Что, по-твоему, я должен написать матери Отто? Что он погиб ради нашего фюрера, чтобы его министр или какой-то иной избранник арийской расы мог бы пойти пописать в мраморные горшки? Или ты предпочитаешь, чтобы я сказал ей, что он умер ни за что, что он был сбит, как собака, так как мы все ведём себя, как звери. А может ты хочешь, чтобы я написал ей, что те, кто его сбил, ни лучше, ни хуже нас! Не верю, что это заставит замолкнуть её печаль.
Тишина разъедает офицерскую столовую, чудовищно тяжёлое молчание.
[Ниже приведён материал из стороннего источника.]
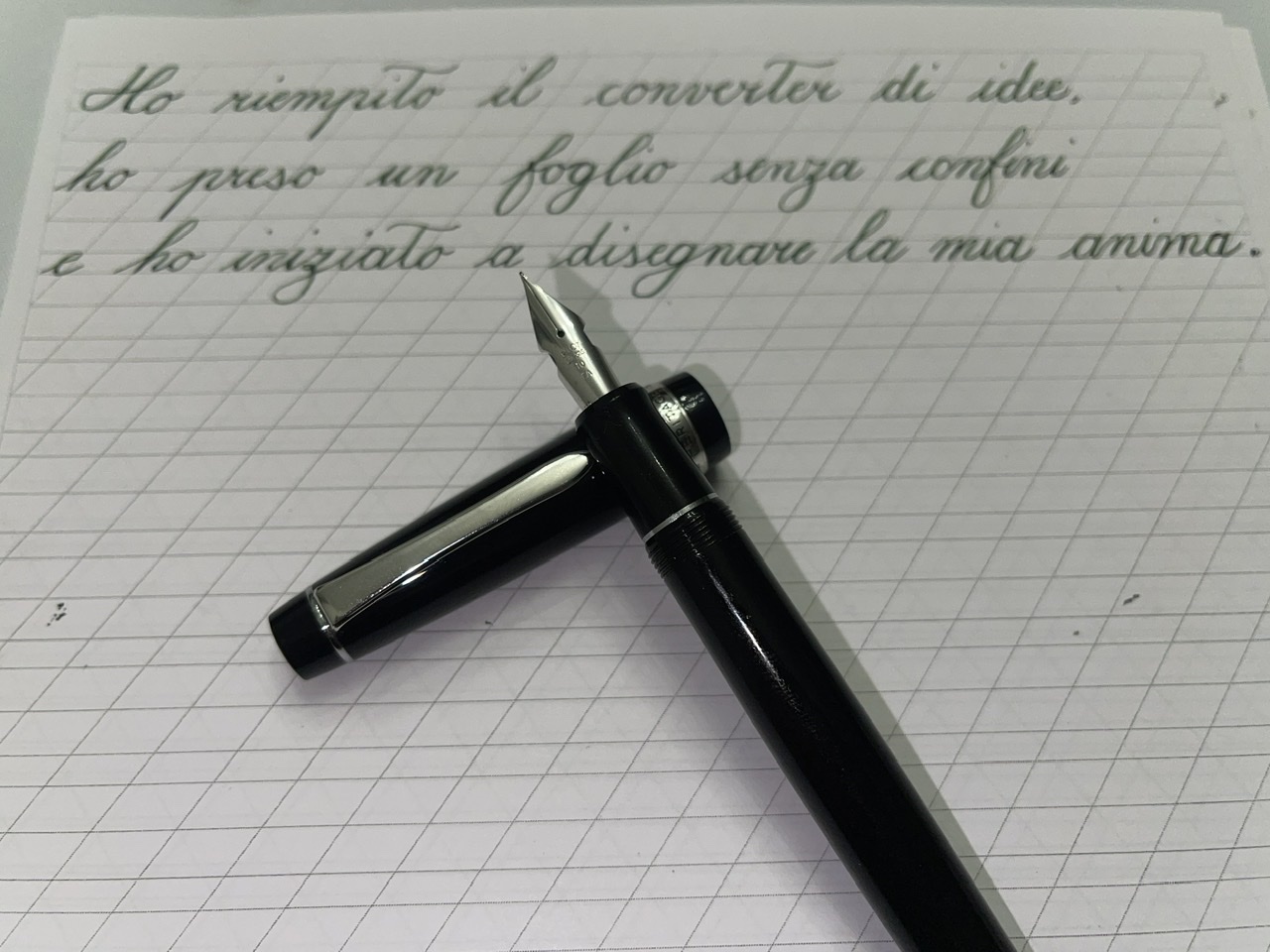 Prova fatta con inchiostro Diamine Black Green (che risulta decisamente troppo stitico per l’alimentatore originale). In arrivo dall’America alimentatore maggiorato

К чему слова, всё сказано.
Мы хотели сделать человека равным Богу. Мы убили Бога, чтобы у человека не было соперника. Мы забыли Бога. Мы пожелали, чтобы он исчез, вообразив, что человечество способно прожить без Бога. Мы возвели человека на пьедестал статуй, сокрушённых две тысячи лет тому назад. Мы насмехались над теми, кто славил Бога, а сами восславили человека, забыв о том, что человек есть лишь бледное отражение Бога. Без Бога остаются лишь животные, которые отличаются от других млекопитающих только своим прямохождением. Убив Бога, мы убили духовность, которая должна быть в человеке. Мы низвели людей до уровня животных.
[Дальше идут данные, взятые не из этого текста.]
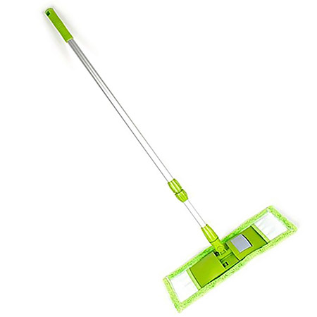 Teleskopska drška omogućava podešavanje dužine prema potrebama korisnika, čime se smanjuje napor prilikom čišćenja i poboljšava ergonomija rada. Široka ravna glava sa navlakom omogućava brzo i ravnomerno uklanjanje prašine, prljavštine i fleka sa podova.

Желая освободить человека от того, что мы называли рабством духа, мы обрекли его на участь животного, которому достаточно удовлетворения чувств вместо поиска радости духа. Отныне люди — это всего лишь животные в пору спаривания, которые стремятся лишь пожрать, напиться и спариться. В человеке не осталось никакого благородства.
— Человек — это его собственное несчастье.
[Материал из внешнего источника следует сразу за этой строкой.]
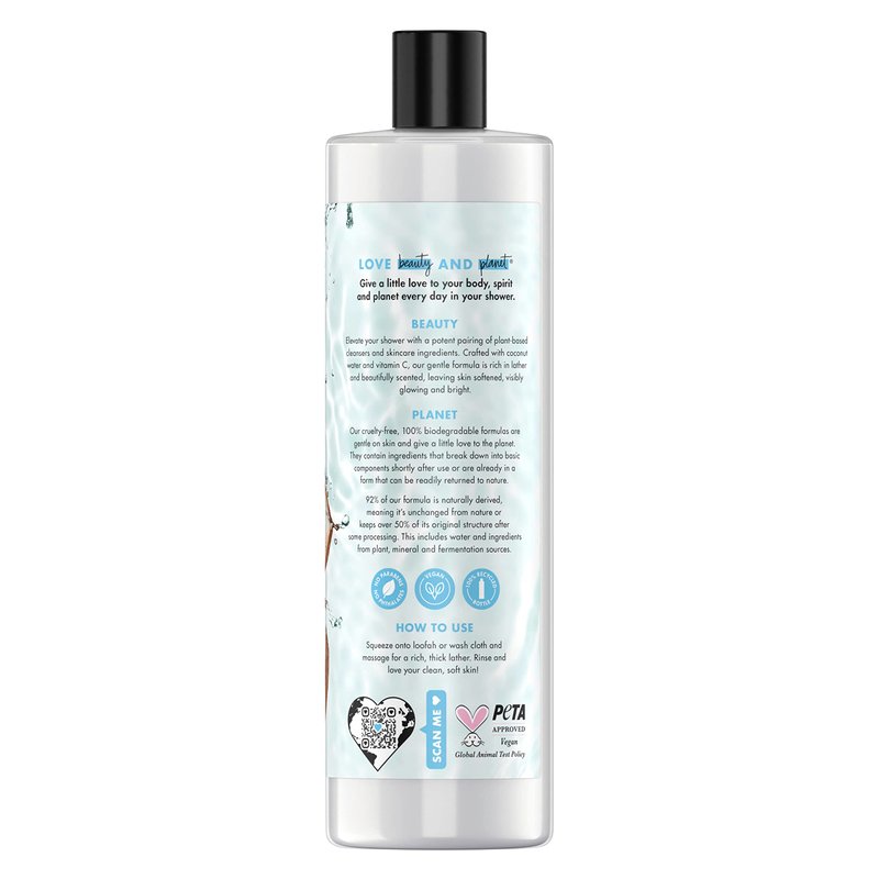 Vegan. Soften & brighten. No sulfate cleansers. 92% Naturally derived. Give a little love to your body, spirit and planet every day in your shower. Beauty: Elevate your shower with a potent pairing of plant-based cleansers and skincare ingredients. Crafted with coconut water and vitamin C, our gentle formula is rich in lather and beautifully scented, leaving skin softened, visibly glowing and bright. No parabens. No phthalates. how2recyclel.info. SmartLabel app enabled. Scan. 100% Recycled bottle. 100% Biodegradable formula. Cruelty free. Keep cap on bottle when recycling. Planet: Our cruelty-free, 100% biodegradable formulas ore gentle on skin and give a little love to the planet. They contain ingredients that break down into bask components shortly after use or are already in a form that can be readily returned to nature. 92% of our formula is naturally derived, meaning it's unchanged from nature or keeps over 50% of its original structure After sore processing. This includes water and ingredients from plant, mineral and fermentation sources. Peta approved Vegan. Global animal test policy.

— Что из себя представляет человек во всей этой трясине? Орудие убийства мужчин, женщин, детей?
— Я никогда не соглашался расстреливать колонны беженцев. Это отвратительно. А когда всё же единожды мне пришлось, не знаю почему, делать это, меня стошнило. Перед глазами остался маленький мальчишка, прильнувший к женщине в летнем платье, наверняка это была его мать, но она уже не могла защитить его. Пыль, поднятая на дороге моими снарядами, была пощёчиной для меня. До сих пор взгляд малыша преследует меня.
— Ты видел его взгляд!
— Я видел его взгляд. И с той поры я сотни раз встречался с ним в кошмарах, не оставляющих меня, я никуда не спрячусь от него, пока сам не провалюсь в ад. У него были серо-голубые глаза, удивлённые, непонимающие, несчастные, они будто спрашивали меня, почему я сделал больно его маме, почему я стрелял в его плюшевого медвежонка. Его взгляд как бы спрашивал меня, он не понимал, что означала кровь вокруг его матери, сестры, отца. Его взгляд говорил мне, что он не знал ещё, что они были мертвы, что никогда больше он не услышит их, что они не пошевелятся, не ответят ему, что никогда больше мать не склонится над ним, чтобы поцеловать его вечером перед сном, что никогда больше отец не расскажет ему истории, в которых королева цветов будет влюблена в лягушку, которая превратится в очаровательного принца. Вот, что происходит со мной каждую ночь, вот, от чего я убегаю каждую ночь. И сегодня вечером я напьюсь, чтобы свалиться на кровать, проспать всю жизнь и проснуться лишь для того, чтобы встретить свой конец.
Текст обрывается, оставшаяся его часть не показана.